EXERCISE DATA START

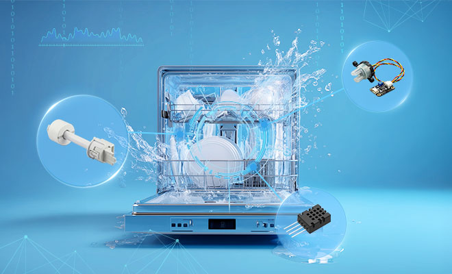洗碗机智能传感器及方案,包括高精度多合一浊度检测、多级液位监测与动态温湿度感知模块,通过多源数据融合与AI算法,实现对餐具污浊度、水位及舱内环境的实时精准判断,动态优化洗涤强度、用水量与烘干策略,在保障清洁效果的同时显著提升能效与资源利用率。
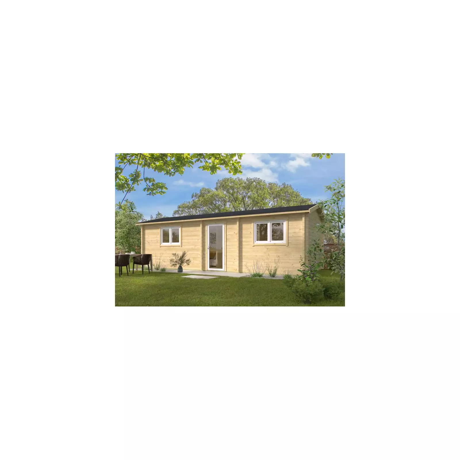 El tejado a dos aguas con caída longitudinal refuerza su carácter rústico y mejora el drenaje del agua de lluvia. Esta construcción también incluye puertas y ventanas con doble acristalamiento 3-10-3 que mejoran tanto el confort térmico como el aislamiento acústico.
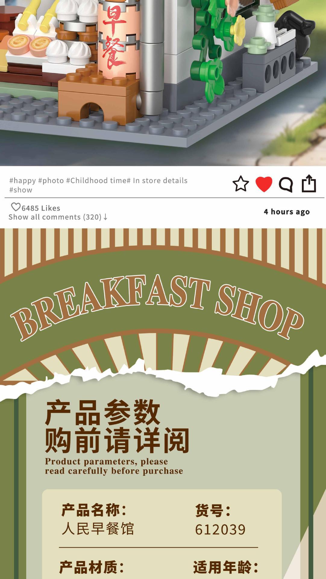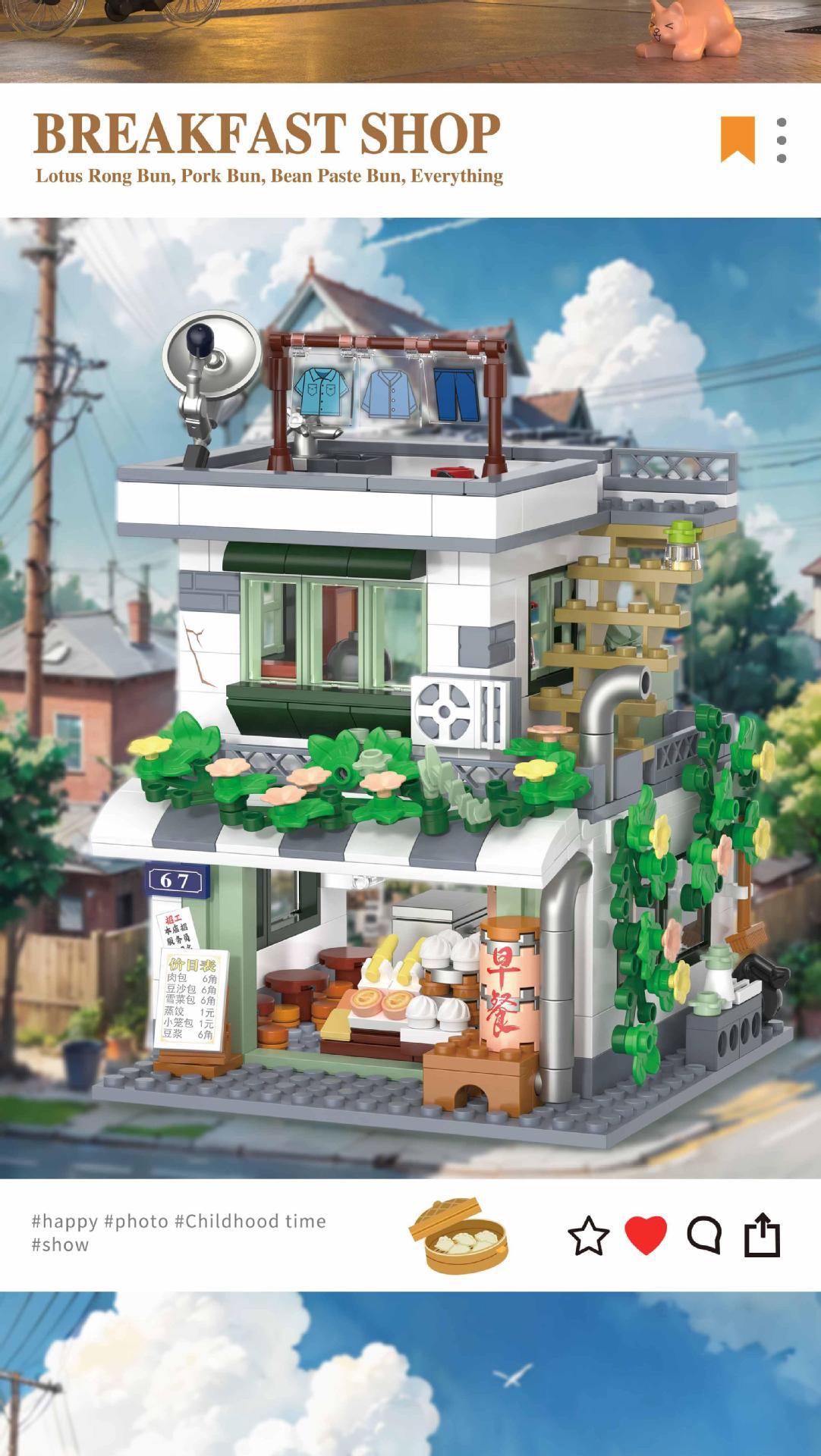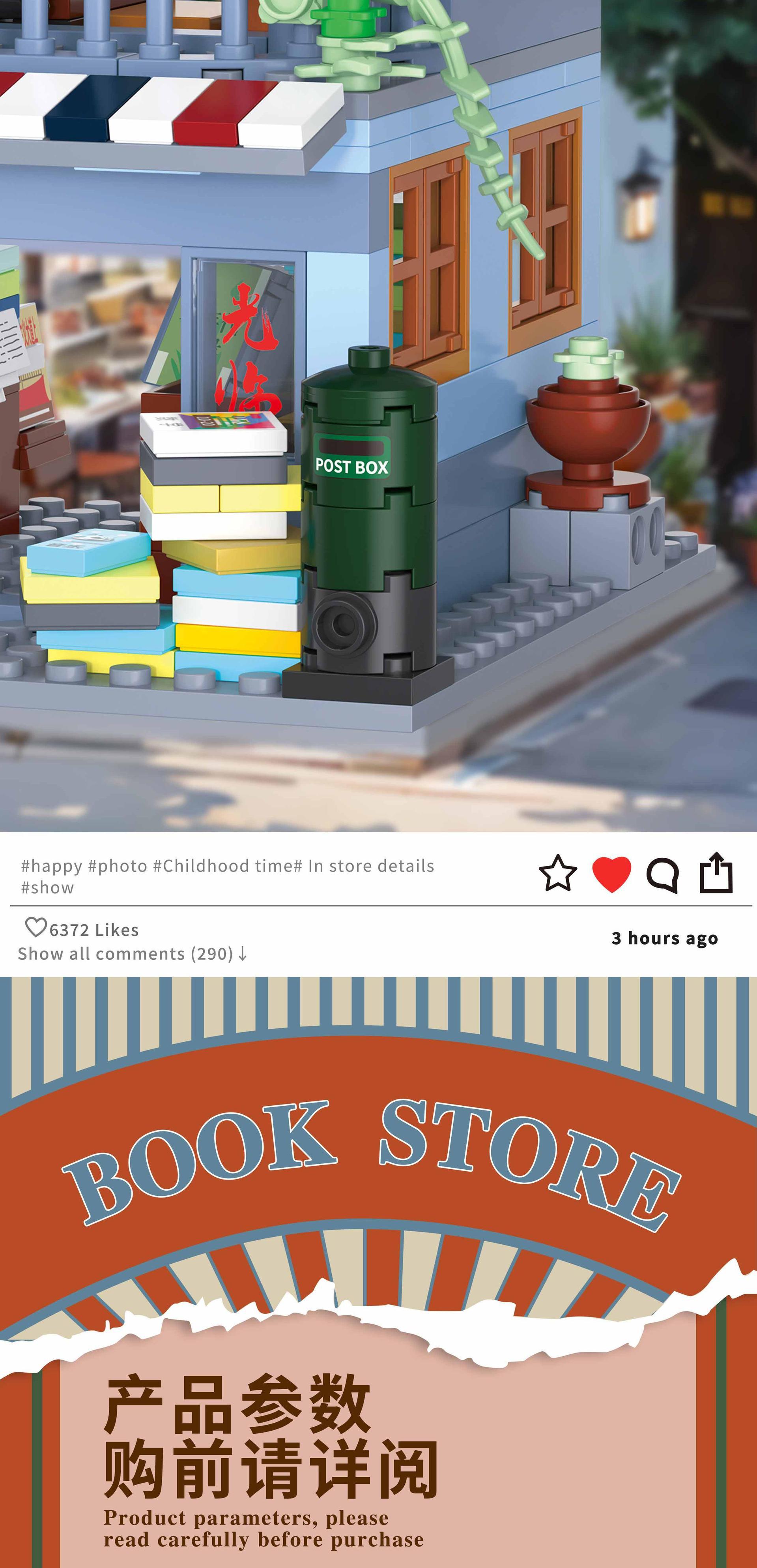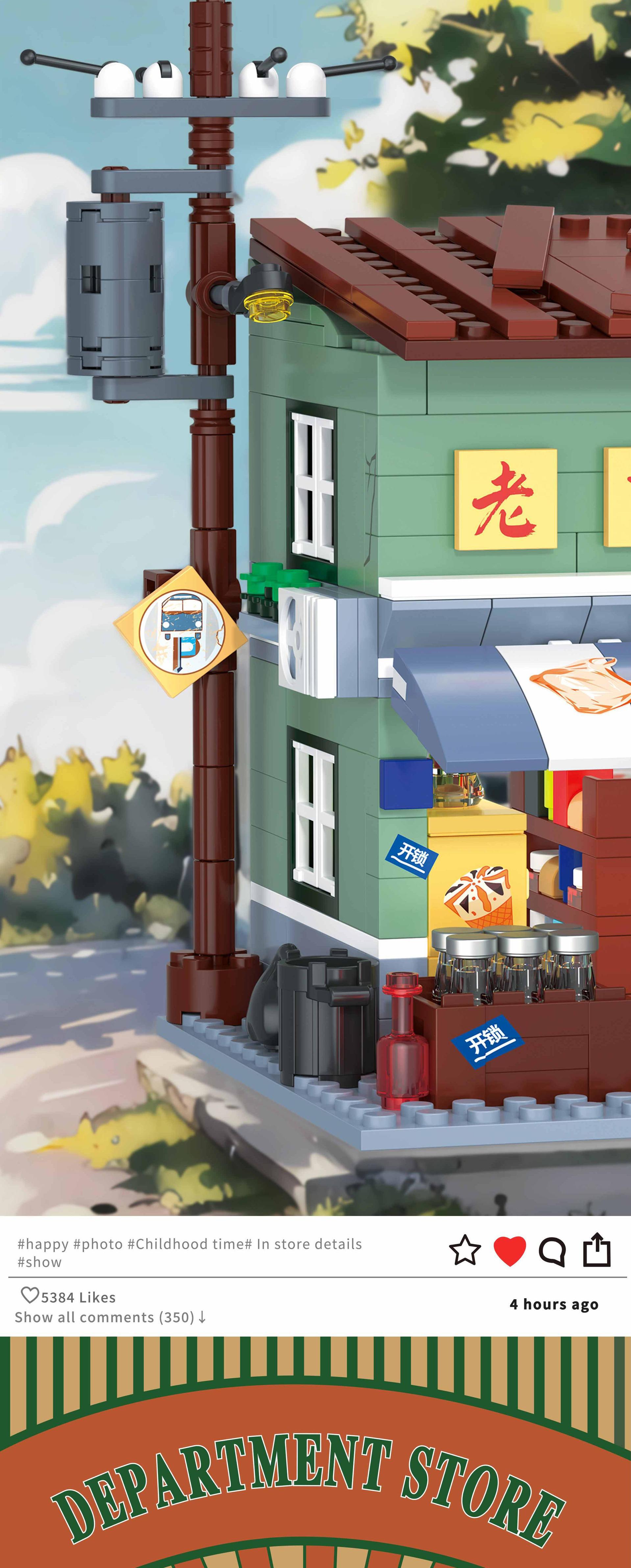 제고 612037-612040 레트로 거리 풍경 추억의 건축물 교육용 블록 어린이 장난감스토어 가기

EXERCISE DATA END

## TASK TO CARRY OUT
Apart from the images, every line above is to be given again exactly.

## SOLVED PROBLEM
洗碗机智能传感器及方案,包括高精度多合一浊度检测、多级液位监测与动态温湿度感知模块,通过多源数据融合与AI算法,实现对餐具污浊度、水位及舱内环境的实时精准判断,动态优化洗涤强度、用水量与烘干策略,在保障清洁效果的同时显著提升能效与资源利用率。
 El tejado a dos aguas con caída longitudinal refuerza su carácter rústico y mejora el drenaje del agua de lluvia. Esta construcción también incluye puertas y ventanas con doble acristalamiento 3-10-3 que mejoran tanto el confort térmico como el aislamiento acústico.
 제고 612037-612040 레트로 거리 풍경 추억의 건축물 교육용 블록 어린이 장난감스토어 가기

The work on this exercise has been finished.